Task goal:
From the records below, please print only the lines from the one containing "7/10のフォーラムの内容、" through the one containing "ERS Yangın Araç", both included. Skip the pictures.

Records for this exercise:
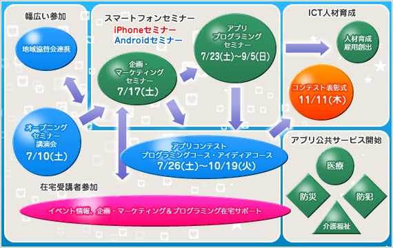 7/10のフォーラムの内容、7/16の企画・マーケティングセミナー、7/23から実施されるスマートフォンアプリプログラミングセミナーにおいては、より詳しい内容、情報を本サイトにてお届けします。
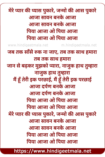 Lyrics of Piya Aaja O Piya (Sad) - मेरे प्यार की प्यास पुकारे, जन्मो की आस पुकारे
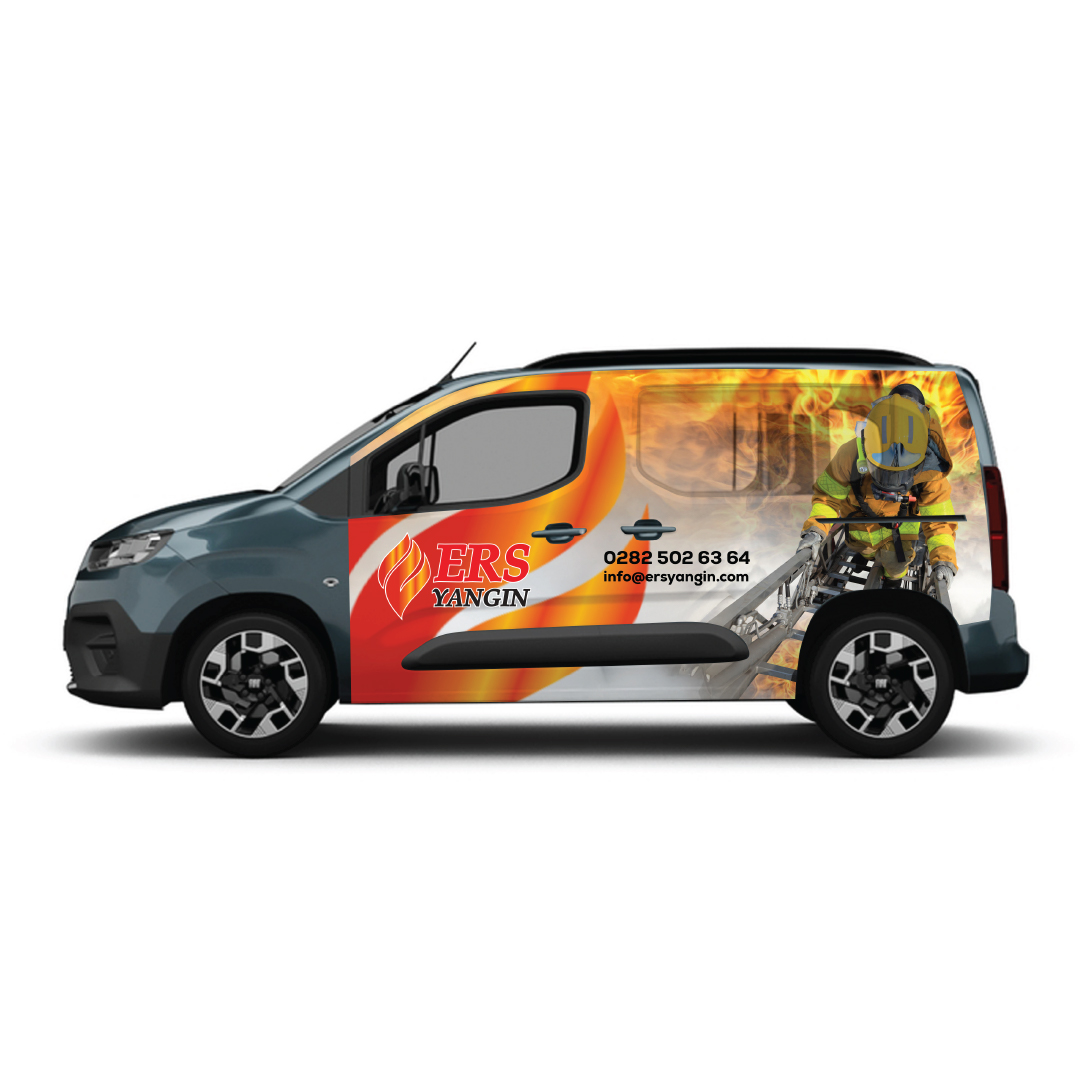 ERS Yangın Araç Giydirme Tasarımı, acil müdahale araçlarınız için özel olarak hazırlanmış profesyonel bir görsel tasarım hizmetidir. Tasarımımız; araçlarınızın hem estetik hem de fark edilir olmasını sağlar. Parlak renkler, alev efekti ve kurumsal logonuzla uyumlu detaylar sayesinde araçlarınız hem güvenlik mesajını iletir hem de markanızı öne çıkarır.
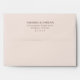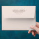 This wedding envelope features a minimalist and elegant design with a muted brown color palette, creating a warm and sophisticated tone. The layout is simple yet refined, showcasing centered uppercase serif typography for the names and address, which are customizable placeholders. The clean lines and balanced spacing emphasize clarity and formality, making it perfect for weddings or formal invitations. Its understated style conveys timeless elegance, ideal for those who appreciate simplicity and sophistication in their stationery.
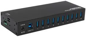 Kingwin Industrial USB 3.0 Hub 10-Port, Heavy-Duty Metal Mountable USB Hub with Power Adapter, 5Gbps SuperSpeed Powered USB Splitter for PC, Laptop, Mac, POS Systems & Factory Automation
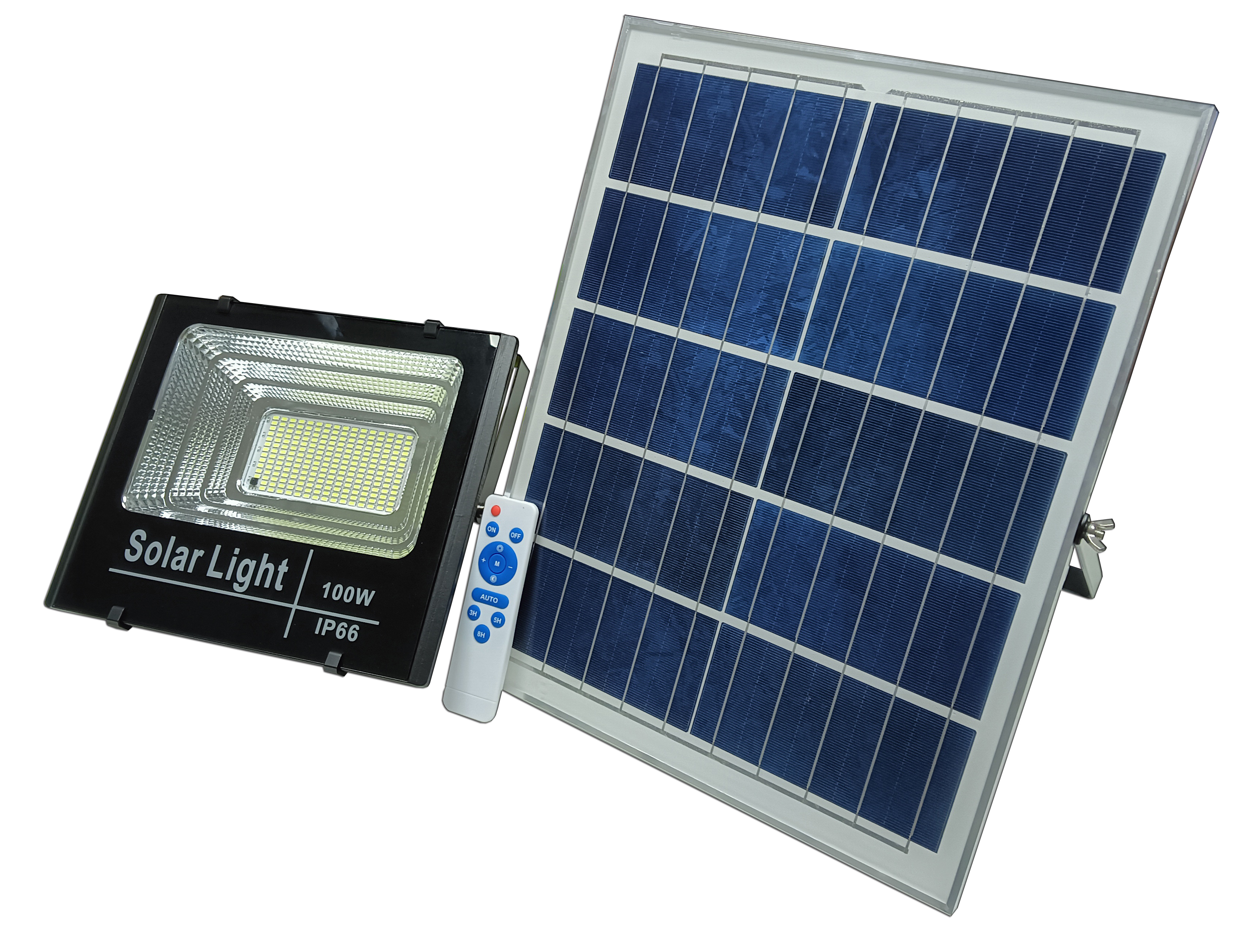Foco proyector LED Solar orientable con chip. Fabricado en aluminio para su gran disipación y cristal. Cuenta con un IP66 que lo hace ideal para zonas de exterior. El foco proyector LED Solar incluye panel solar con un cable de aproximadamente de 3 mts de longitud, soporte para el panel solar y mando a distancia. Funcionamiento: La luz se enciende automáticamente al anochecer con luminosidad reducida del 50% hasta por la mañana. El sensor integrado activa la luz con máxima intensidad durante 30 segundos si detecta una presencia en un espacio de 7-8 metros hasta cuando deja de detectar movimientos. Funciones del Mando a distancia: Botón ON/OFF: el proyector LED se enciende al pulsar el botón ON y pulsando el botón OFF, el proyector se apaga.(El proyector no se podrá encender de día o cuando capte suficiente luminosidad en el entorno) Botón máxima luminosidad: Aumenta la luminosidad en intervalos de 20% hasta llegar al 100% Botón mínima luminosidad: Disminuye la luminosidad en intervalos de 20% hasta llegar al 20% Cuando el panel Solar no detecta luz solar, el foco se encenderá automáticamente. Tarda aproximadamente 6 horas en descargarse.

---

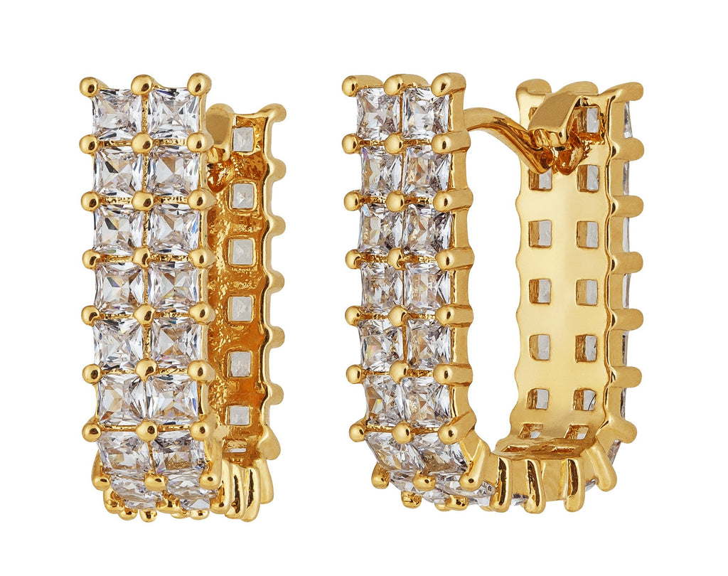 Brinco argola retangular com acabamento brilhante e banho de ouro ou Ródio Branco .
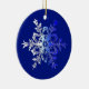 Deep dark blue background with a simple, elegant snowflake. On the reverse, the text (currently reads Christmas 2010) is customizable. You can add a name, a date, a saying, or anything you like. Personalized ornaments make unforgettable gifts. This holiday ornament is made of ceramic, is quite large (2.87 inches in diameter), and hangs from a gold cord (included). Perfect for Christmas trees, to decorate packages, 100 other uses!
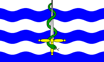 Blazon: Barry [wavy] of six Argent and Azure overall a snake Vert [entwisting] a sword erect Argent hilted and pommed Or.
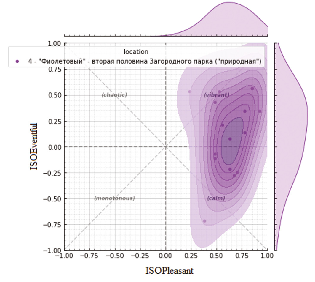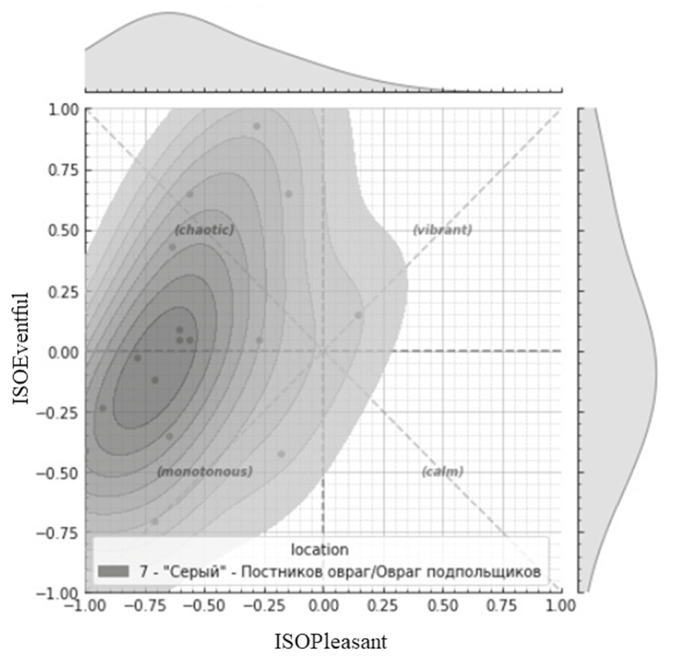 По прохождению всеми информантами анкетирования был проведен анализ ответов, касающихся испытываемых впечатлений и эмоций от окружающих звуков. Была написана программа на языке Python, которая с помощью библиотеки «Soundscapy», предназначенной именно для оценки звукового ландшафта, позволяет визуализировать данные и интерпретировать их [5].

---

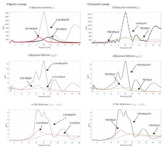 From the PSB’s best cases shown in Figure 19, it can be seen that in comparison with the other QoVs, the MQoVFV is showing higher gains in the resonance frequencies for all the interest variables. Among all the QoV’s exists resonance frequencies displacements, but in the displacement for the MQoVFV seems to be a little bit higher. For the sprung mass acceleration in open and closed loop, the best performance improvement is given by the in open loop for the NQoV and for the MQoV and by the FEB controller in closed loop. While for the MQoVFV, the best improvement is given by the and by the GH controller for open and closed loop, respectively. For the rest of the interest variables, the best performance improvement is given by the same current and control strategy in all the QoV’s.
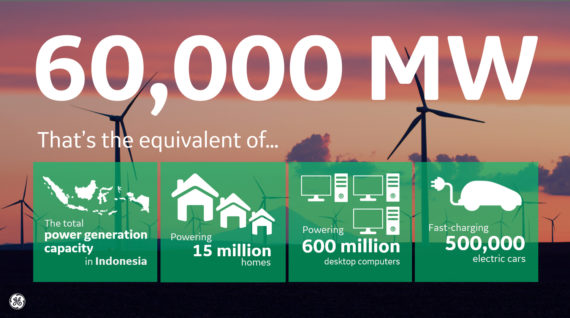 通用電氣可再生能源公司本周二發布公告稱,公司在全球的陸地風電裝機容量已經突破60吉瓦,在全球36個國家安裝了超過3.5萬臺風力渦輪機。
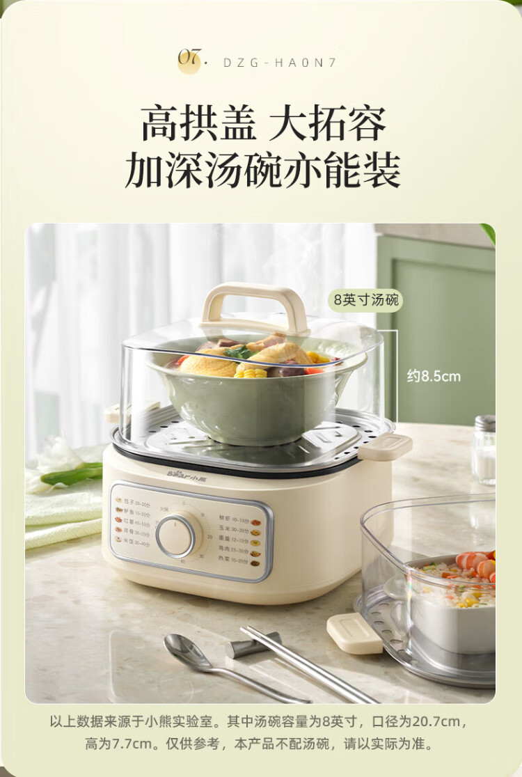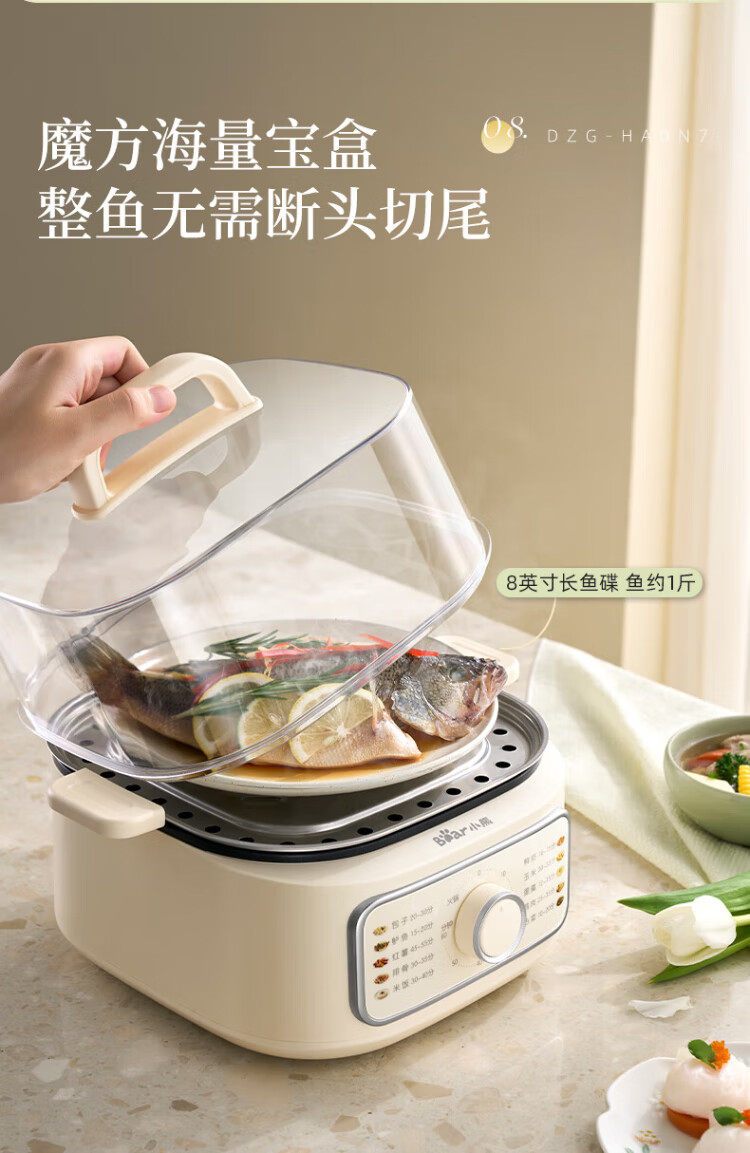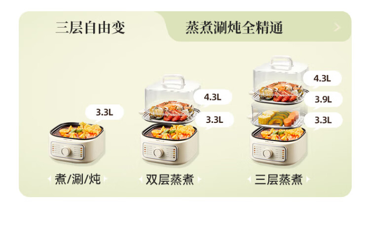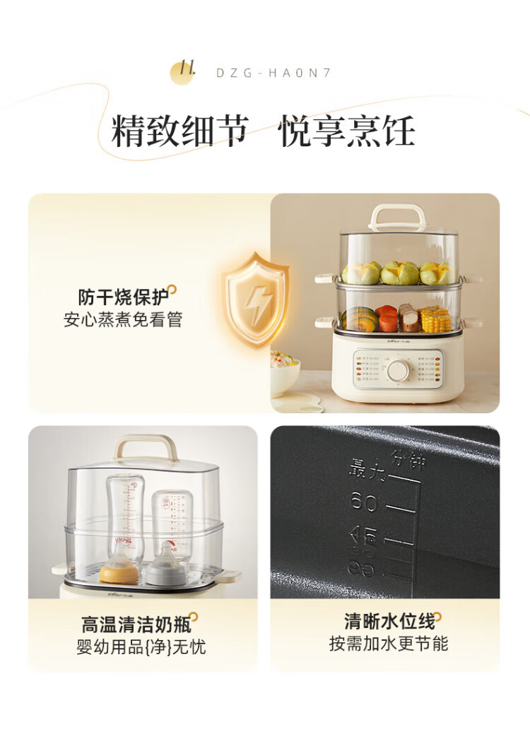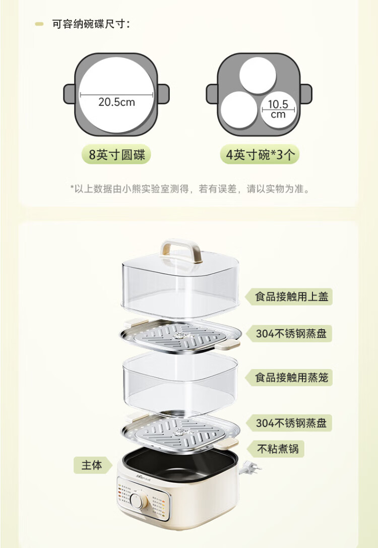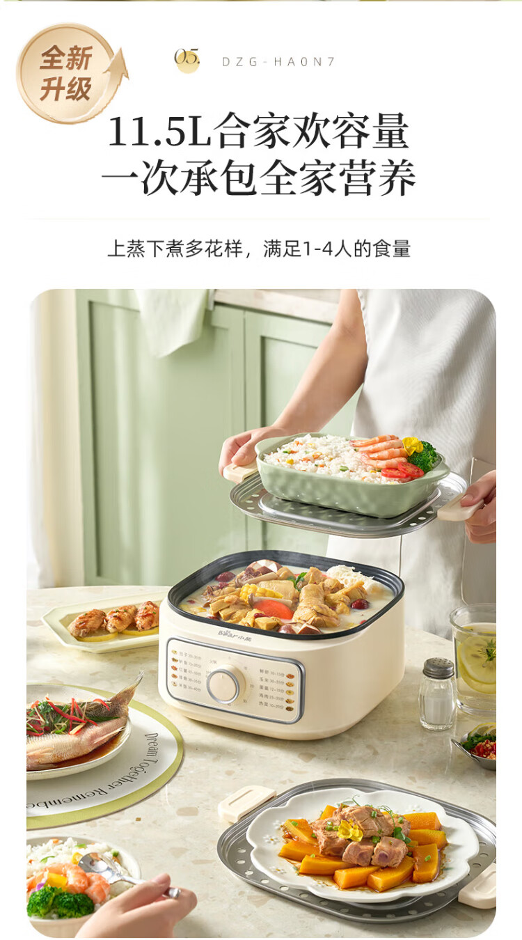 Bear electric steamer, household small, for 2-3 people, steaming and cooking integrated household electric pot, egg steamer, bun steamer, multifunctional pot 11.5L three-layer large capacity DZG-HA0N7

Answer to this exercise:
 7/10のフォーラムの内容、7/16の企画・マーケティングセミナー、7/23から実施されるスマートフォンアプリプログラミングセミナーにおいては、より詳しい内容、情報を本サイトにてお届けします。
 Lyrics of Piya Aaja O Piya (Sad) - मेरे प्यार की प्यास पुकारे, जन्मो की आस पुकारे
 ERS Yangın Araç Giydirme Tasarımı, acil müdahale araçlarınız için özel olarak hazırlanmış profesyonel bir görsel tasarım hizmetidir. Tasarımımız; araçlarınızın hem estetik hem de fark edilir olmasını sağlar. Parlak renkler, alev efekti ve kurumsal logonuzla uyumlu detaylar sayesinde araçlarınız hem güvenlik mesajını iletir hem de markanızı öne çıkarır.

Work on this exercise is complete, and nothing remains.